At 8:10, what does 'nonlinear' mean by?

Accepted Answer

Here is a function y = f(x). When you give a input value x, you will have a output value y through some operation. If this function is linear, it means when you change x by Δx, the change of y (Δy) has a fixed ratio to Δx.
Graphically, if you plot values from function y = f(x) and line them up, you will get a straight line.

Nonlinear functions are those, if you change x with Δx, Δy divided by Δx is not a fixed value. Consequently, the if you plot values from that function and line them up, you won't get a straight line. You may get a curve.

Question 4

i didn't get it. how do square root of unbiased sample variance leads to biased standard deviation..? kindly explain.

Accepted Answer

I'm not an expert in statistics, but here's my crack at it.

An unbiased process that outputs some value means that the expected value of the process will match some actual value.  Basically, as you perform the unbiased process on more and more samples the average value will approach the actual value.

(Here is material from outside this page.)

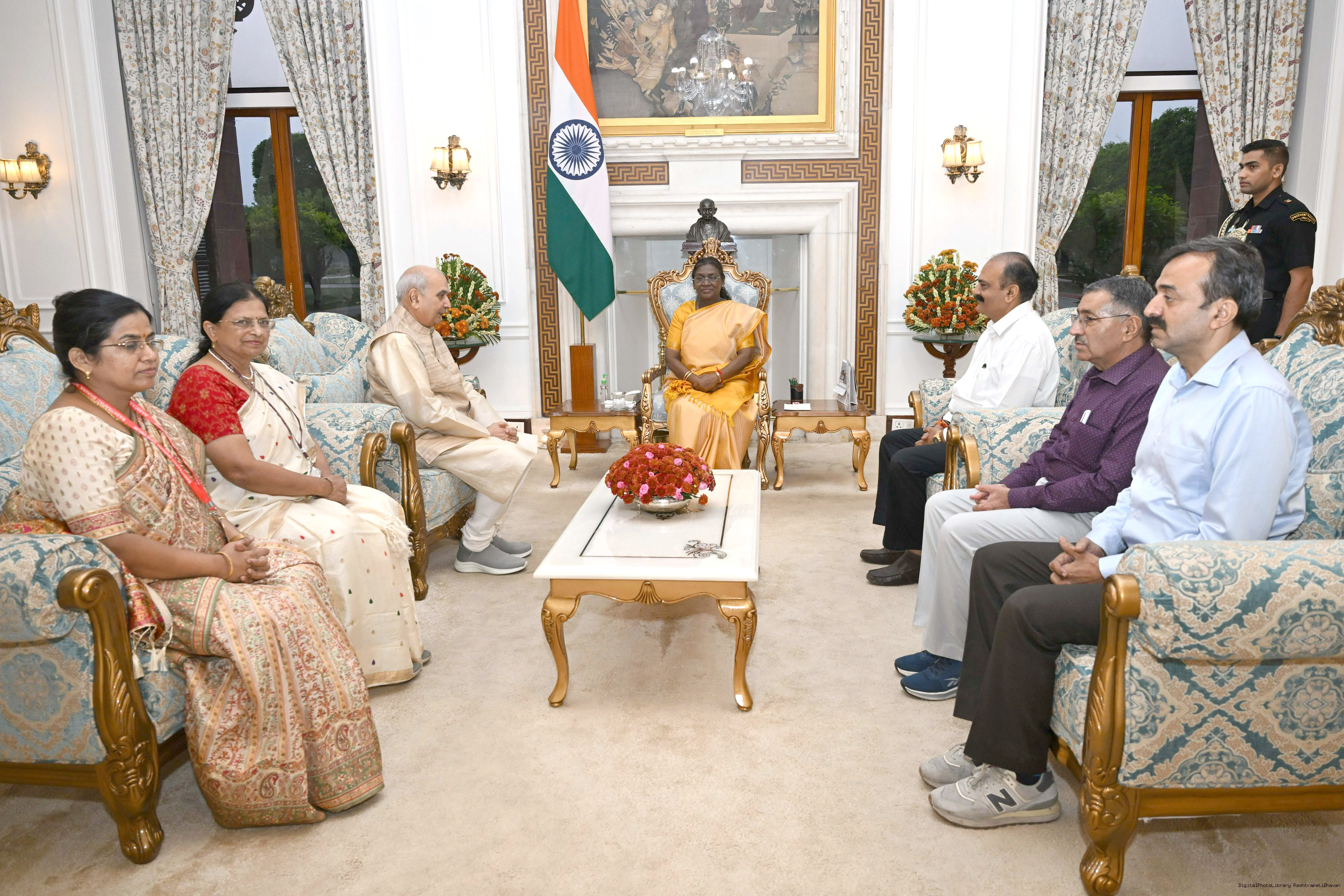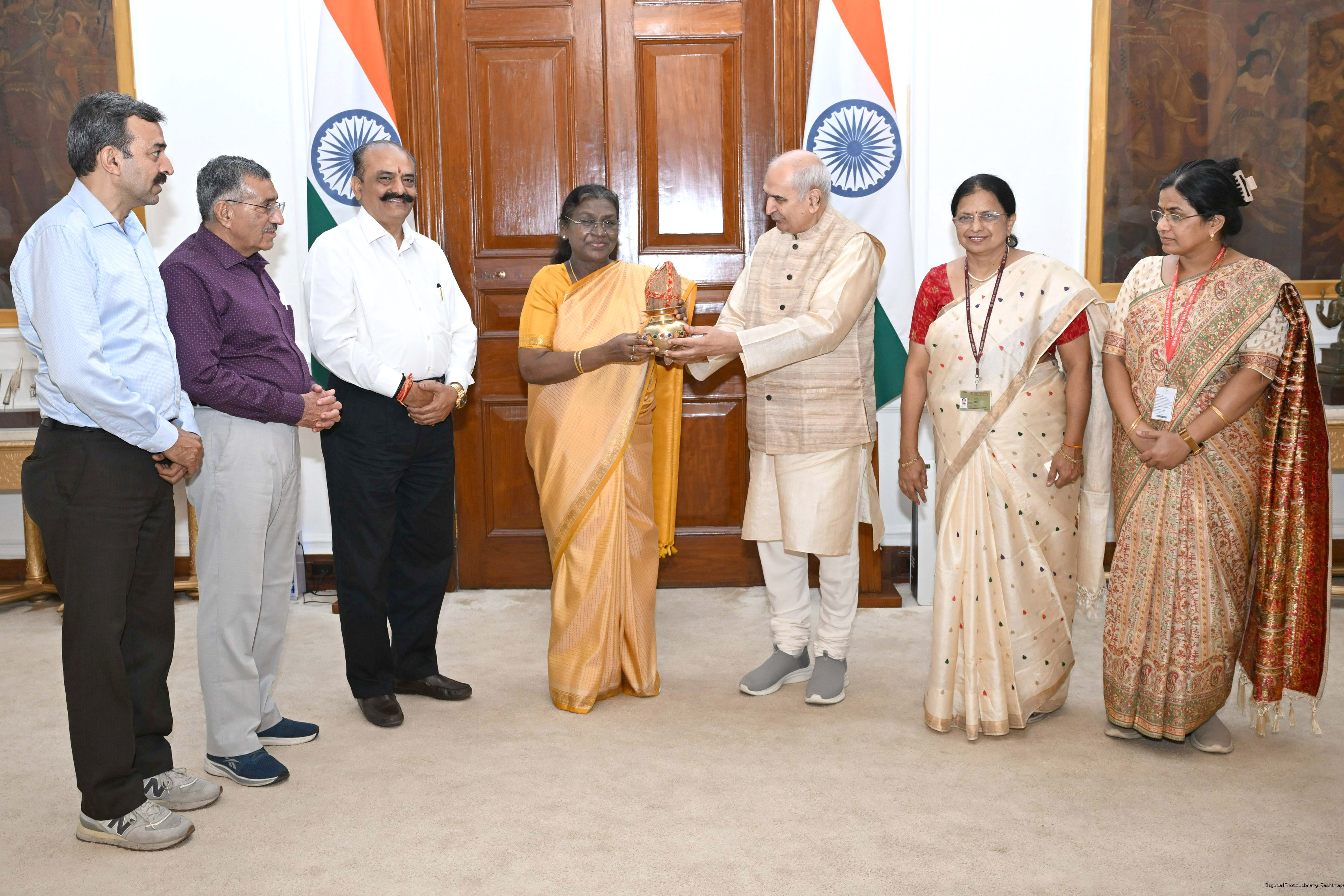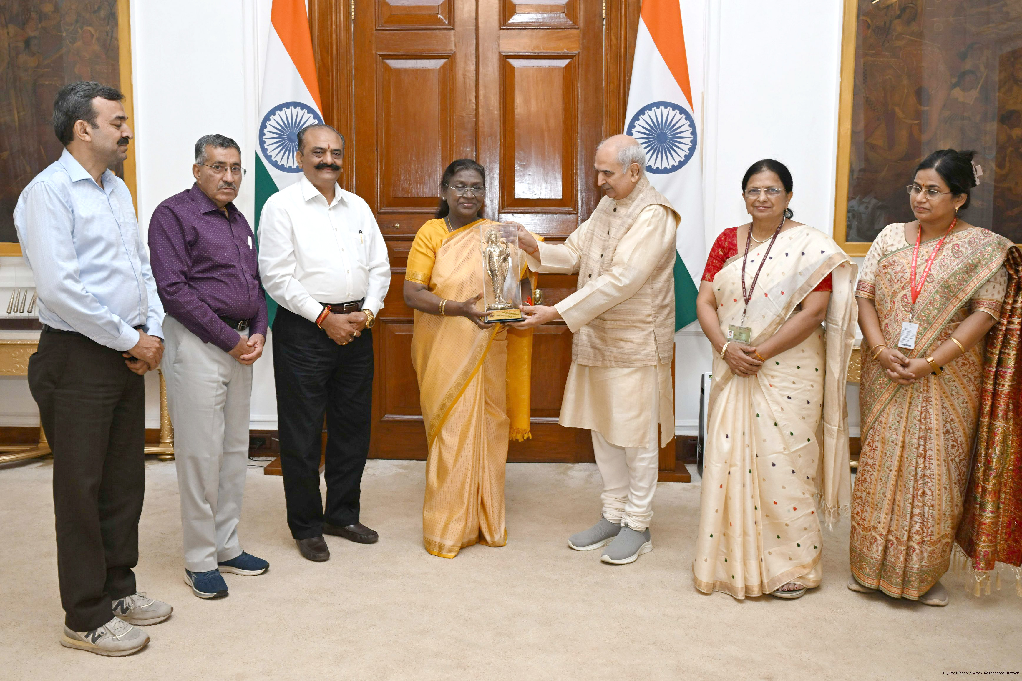 | Caption: | Vaidya Devendra Triguna, Padam Shri Padma Bhushan President Governing Body along with Prof. (Vd) Rakesh Sharma and others meeting with the President of India, Smt. Droupadi Murmu at Rashtrapati Bhavan on October 17, 2025. |

But if you have a set of values who's average is some number and then perform a non-linear operation on them (like sqr root) then their new average value is NOT going to match the old average with the same non-linear operation performed on it.

For example, take the following numbers:
2, 2, 2, 2, 12
Their average is 4.
Here is their sqr roots:
1.41,  1.41,  1.41,  1.41,  3.46
the  average value of those sqr roots is 1.82.
But the sqr root of the old average value is 2. 
They don't match!  We've introduced some bias by performing a non-linear operation.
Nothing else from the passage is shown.